Prompt:
Apart from the images, repeat the data below exactly as written.
Source data section start
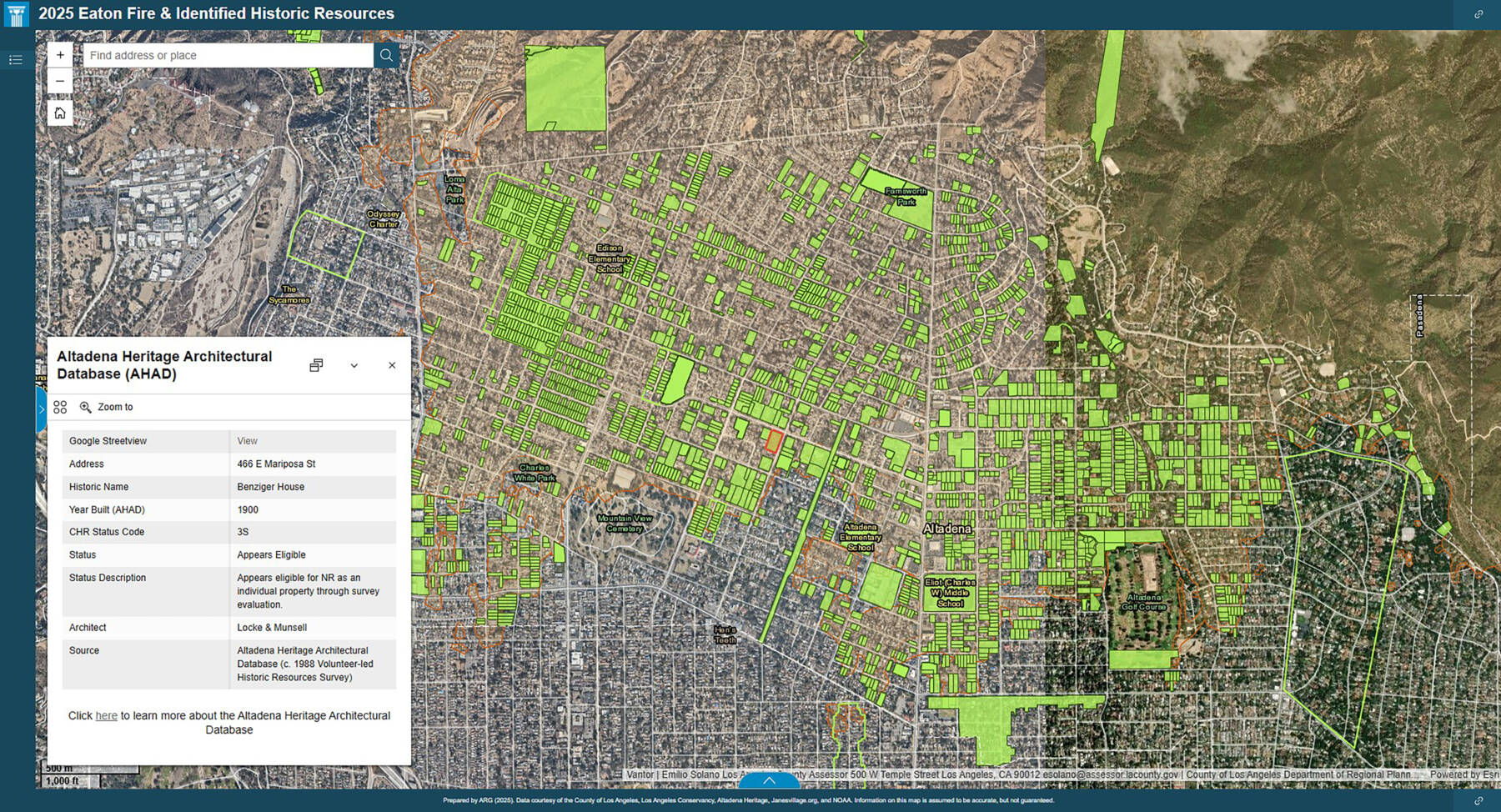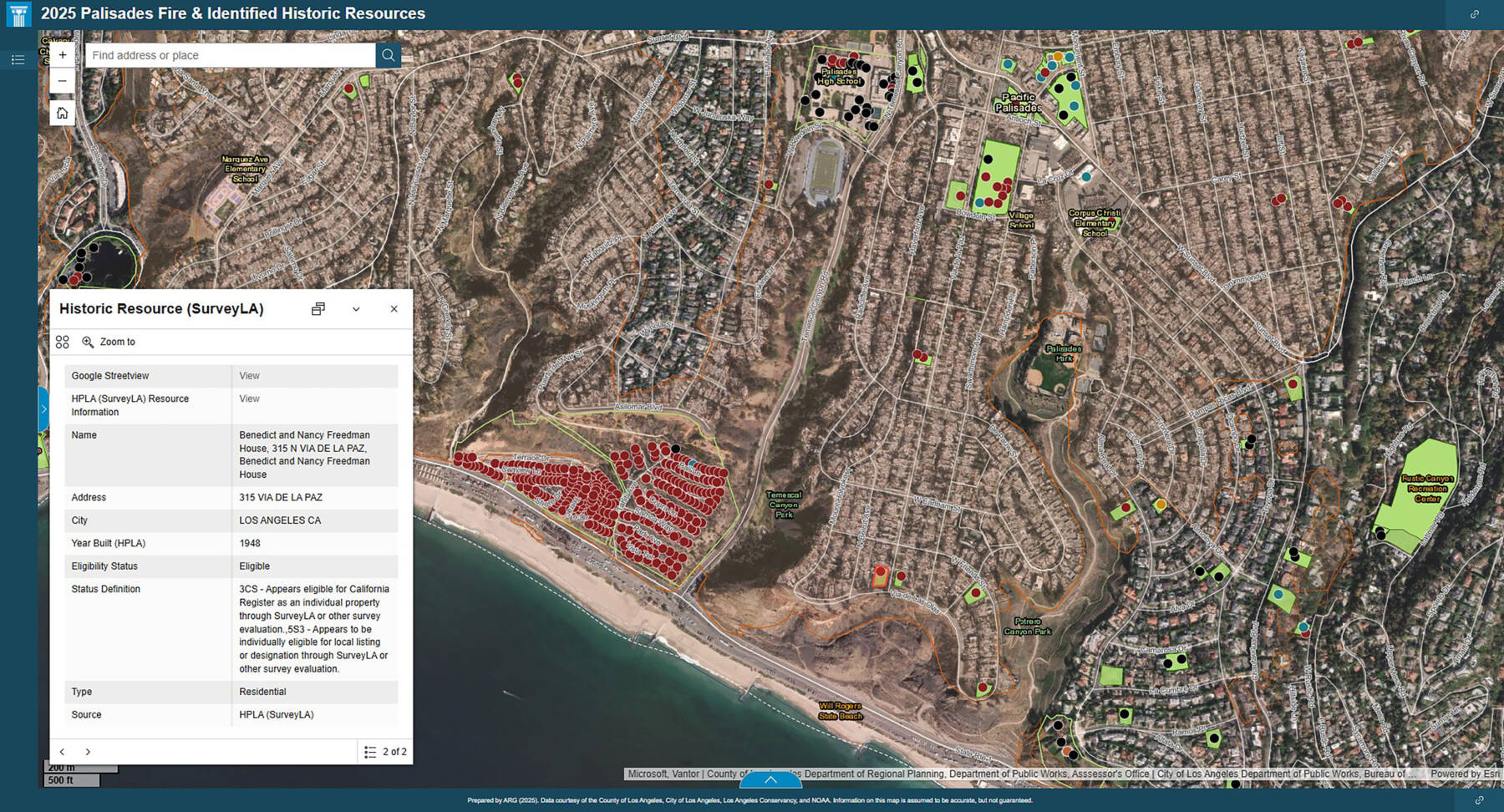 In documenting wildfire impacts to historic resources, it became clear that the Palisades and Eaton fire areas presented distinct baseline conditions for heritage documentation. These differences were due in part to uneven levels of prior documentation. The rapid deployment of GIS-based documentation allowed the project team to visualize, categorize, and interpret loss with precision, offering a replicable model for areas where heritage data infrastructure is well developed. The initiative also relied on the community-driven identification of sites of significance, informed through collaboration with local agencies, preservation advocacy organizations, and community members who contributed historical knowledge, archival records, and locally maintained datasets. This collective effort proved to be a meaningful and engaged form of documentation, serving as a repository for collective memory during the earliest waves of shared grief and resilience.
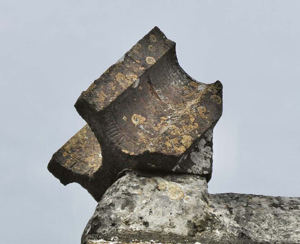 BSS Record:The hours use XII for noon and IIII for four pm, and VI, VII and VIII am are written backwards (round the clock’), as is not uncommon. Around the gnomon are carved I HT S / WARDNES / 1653, the W of WARDNES being superimposed Vs, and the letters NE being conjoined, both presumably to save space.
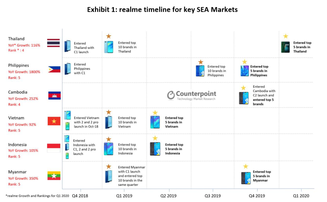 ผลการวิจัยล่าสุดจาก Counterpoint Research Market Monitor ในไตรมาสที่ 1 ปี 2563 เผยว่า realme ครองอันดับ 5 ในตลาดสมาร์ทโฟนเอเชียตะวันออกเฉียงใต้ด้วยการเติบโต 173% เมื่อเทียบกับปีก่อน ถือเป็นแบรนด์สมาร์ทโฟนที่เติบโตเร็วที่สุดในภูมิภาค
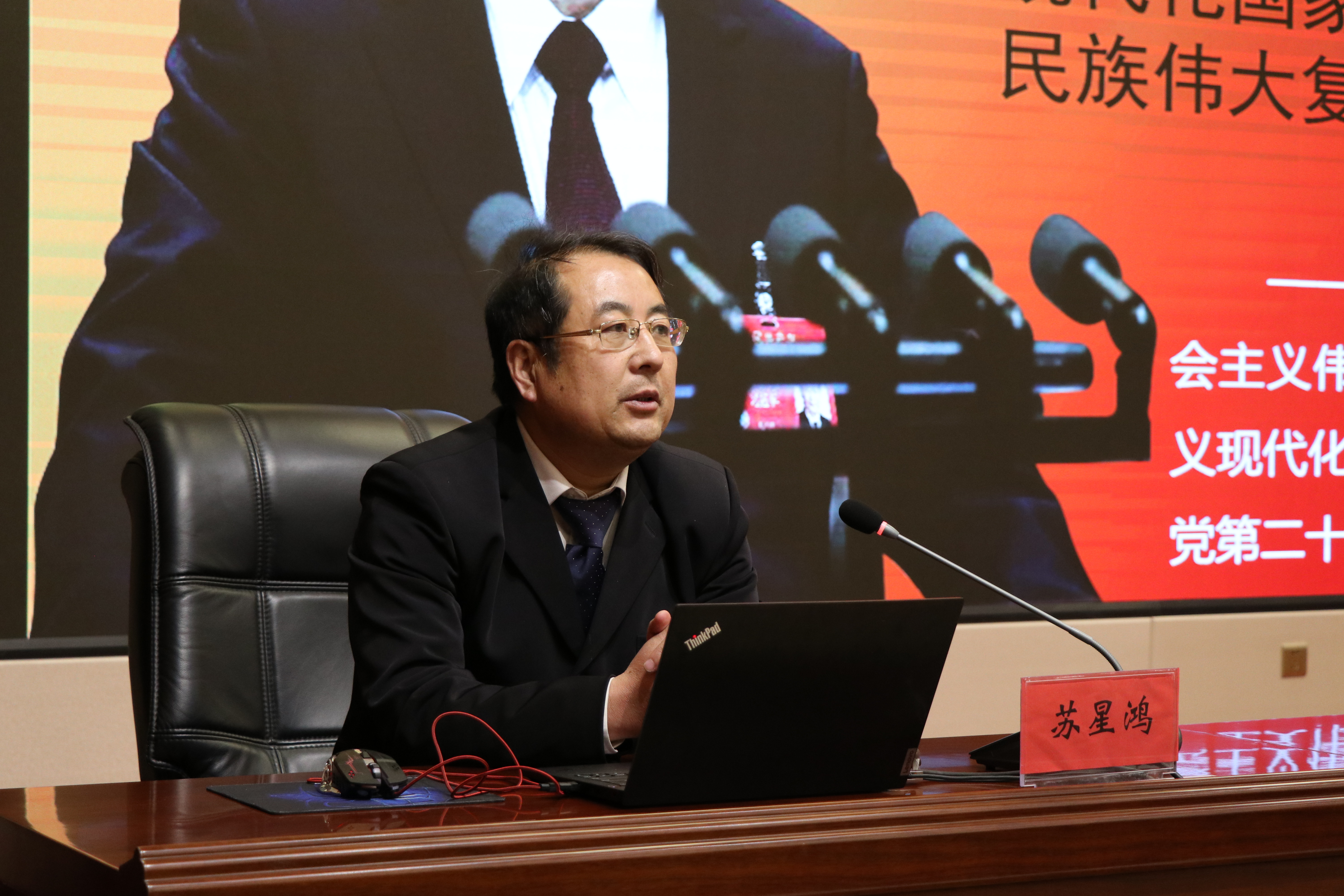 蘇星鴻教授以《深刻把握黨的二十大精神的核心要義》為題,從黨的二十大召開(kāi)的歷史背景和重大意義、過(guò)去五年的工作和新時(shí)代十年的偉大變革、開(kāi)辟馬克思主義中國(guó)化時(shí)代化新境界的科學(xué)內(nèi)涵、新時(shí)代新征程中國(guó)共產(chǎn)黨使命任務(wù)的豐富內(nèi)涵、以黨的自我革命推進(jìn)偉大的社會(huì)革命的實(shí)踐意義和“五個(gè)必由之路”的戰(zhàn)略意義六個(gè)方面進(jìn)行了深入淺出的闡述,對(duì)師生深刻理解黨的二十大精神具有很強(qiáng)的啟發(fā)意義。
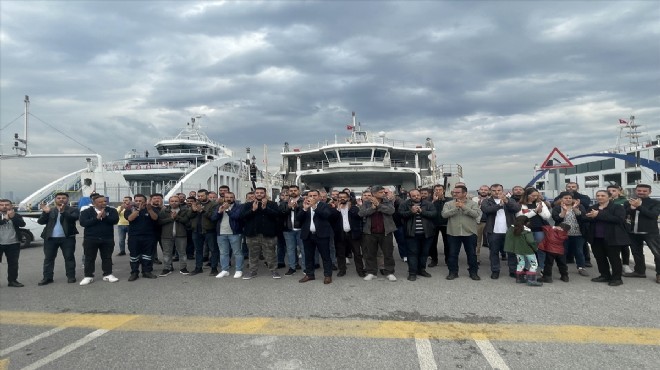 Bostanlı İskelesi'nde bir araya gelen Türkiye Denizciler Sendikası üyesi bir grup İZDENİZ AŞ çalışanı, saat 18.00'de çalan vapur düdüklerine alkışlarla destek verdi.
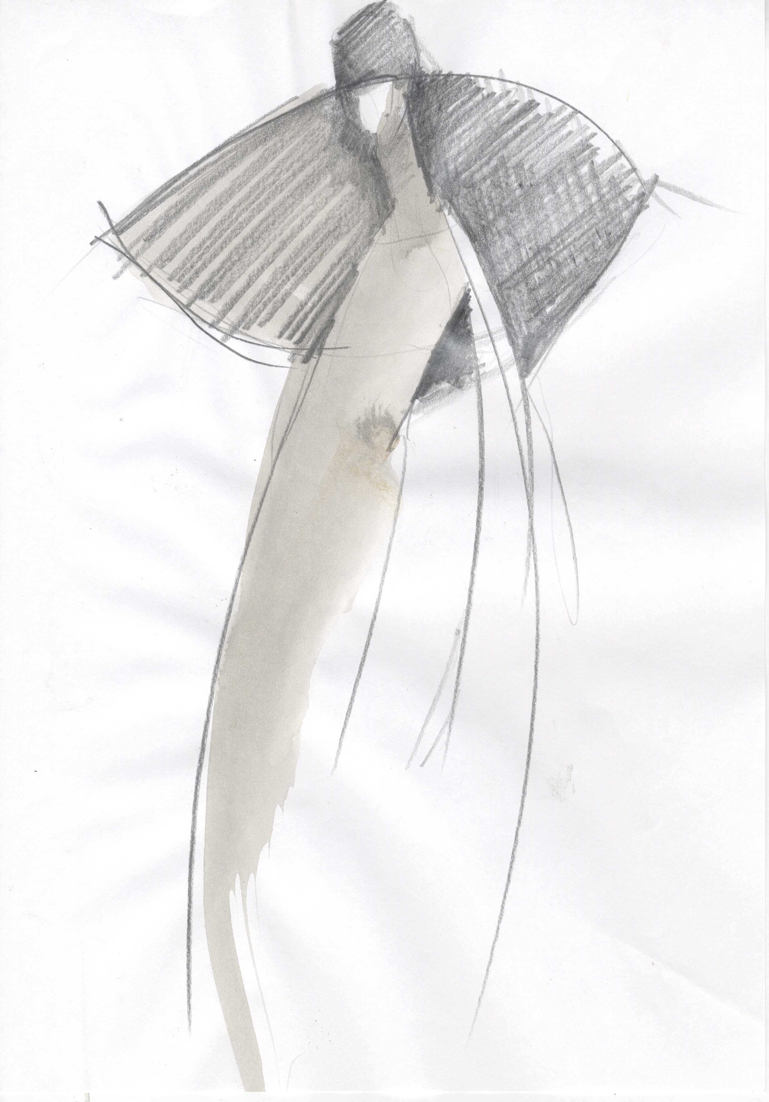 Dibujo que representa un diseño de moda femenino, vestido largo. Además este modelo también presenta una pamela de grandes dimensiones.
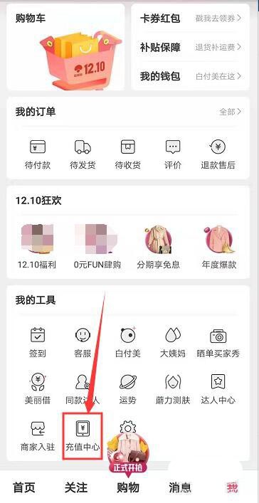 4、往下滑动,找到【充值中心】并点击。
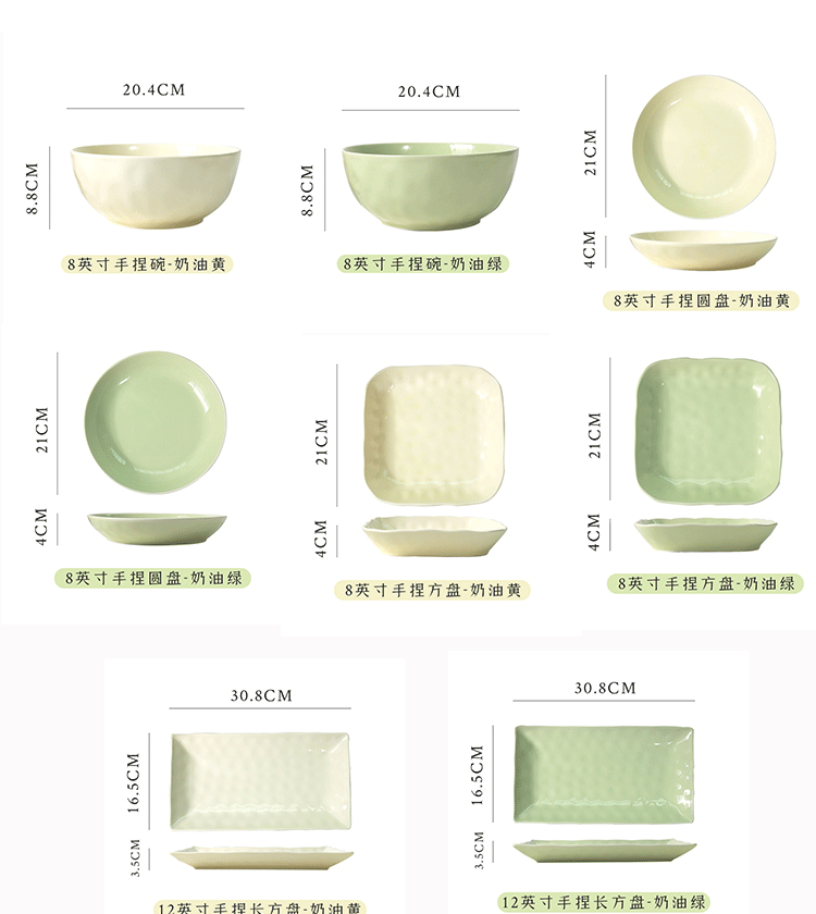 4インチ手捏ね皿-クリームイエロー,4インチ手捏ね皿-クリームグリーン,3.75インチの手握りボウル-クリームイエロー,3.75インチの手握りボウル-クリームグリーン,6インチの手握りボウル-クリームイエロー,6インチの手握りボウル-クリームグリーン,8インチの手握りボウル-クリームグリーン,8インチ手握りボウル-クリームイエロー,8インチ手握り円盤-クリームイエロー,8インチ手つまみディスク-クリームグリーン,8インチ手つまみ角皿-クリームイエロー,8インチ手つまみ角皿-クリームグリーン,12インチ手つまみ長方皿-クリームイエロー,12インチ手つまみ長方皿-クリームグリーン
Source data section end
Expected output:
 In documenting wildfire impacts to historic resources, it became clear that the Palisades and Eaton fire areas presented distinct baseline conditions for heritage documentation. These differences were due in part to uneven levels of prior documentation. The rapid deployment of GIS-based documentation allowed the project team to visualize, categorize, and interpret loss with precision, offering a replicable model for areas where heritage data infrastructure is well developed. The initiative also relied on the community-driven identification of sites of significance, informed through collaboration with local agencies, preservation advocacy organizations, and community members who contributed historical knowledge, archival records, and locally maintained datasets. This collective effort proved to be a meaningful and engaged form of documentation, serving as a repository for collective memory during the earliest waves of shared grief and resilience.
 BSS Record:The hours use XII for noon and IIII for four pm, and VI, VII and VIII am are written backwards (round the clock’), as is not uncommon. Around the gnomon are carved I HT S / WARDNES / 1653, the W of WARDNES being superimposed Vs, and the letters NE being conjoined, both presumably to save space.
 ผลการวิจัยล่าสุดจาก Counterpoint Research Market Monitor ในไตรมาสที่ 1 ปี 2563 เผยว่า realme ครองอันดับ 5 ในตลาดสมาร์ทโฟนเอเชียตะวันออกเฉียงใต้ด้วยการเติบโต 173% เมื่อเทียบกับปีก่อน ถือเป็นแบรนด์สมาร์ทโฟนที่เติบโตเร็วที่สุดในภูมิภาค
 蘇星鴻教授以《深刻把握黨的二十大精神的核心要義》為題,從黨的二十大召開(kāi)的歷史背景和重大意義、過(guò)去五年的工作和新時(shí)代十年的偉大變革、開(kāi)辟馬克思主義中國(guó)化時(shí)代化新境界的科學(xué)內(nèi)涵、新時(shí)代新征程中國(guó)共產(chǎn)黨使命任務(wù)的豐富內(nèi)涵、以黨的自我革命推進(jìn)偉大的社會(huì)革命的實(shí)踐意義和“五個(gè)必由之路”的戰(zhàn)略意義六個(gè)方面進(jìn)行了深入淺出的闡述,對(duì)師生深刻理解黨的二十大精神具有很強(qiáng)的啟發(fā)意義。
 Bostanlı İskelesi'nde bir araya gelen Türkiye Denizciler Sendikası üyesi bir grup İZDENİZ AŞ çalışanı, saat 18.00'de çalan vapur düdüklerine alkışlarla destek verdi.
 Dibujo que representa un diseño de moda femenino, vestido largo. Además este modelo también presenta una pamela de grandes dimensiones.
 4、往下滑动,找到【充值中心】并点击。
 4インチ手捏ね皿-クリームイエロー,4インチ手捏ね皿-クリームグリーン,3.75インチの手握りボウル-クリームイエロー,3.75インチの手握りボウル-クリームグリーン,6インチの手握りボウル-クリームイエロー,6インチの手握りボウル-クリームグリーン,8インチの手握りボウル-クリームグリーン,8インチ手握りボウル-クリームイエロー,8インチ手握り円盤-クリームイエロー,8インチ手つまみディスク-クリームグリーン,8インチ手つまみ角皿-クリームイエロー,8インチ手つまみ角皿-クリームグリーン,12インチ手つまみ長方皿-クリームイエロー,12インチ手つまみ長方皿-クリームグリーン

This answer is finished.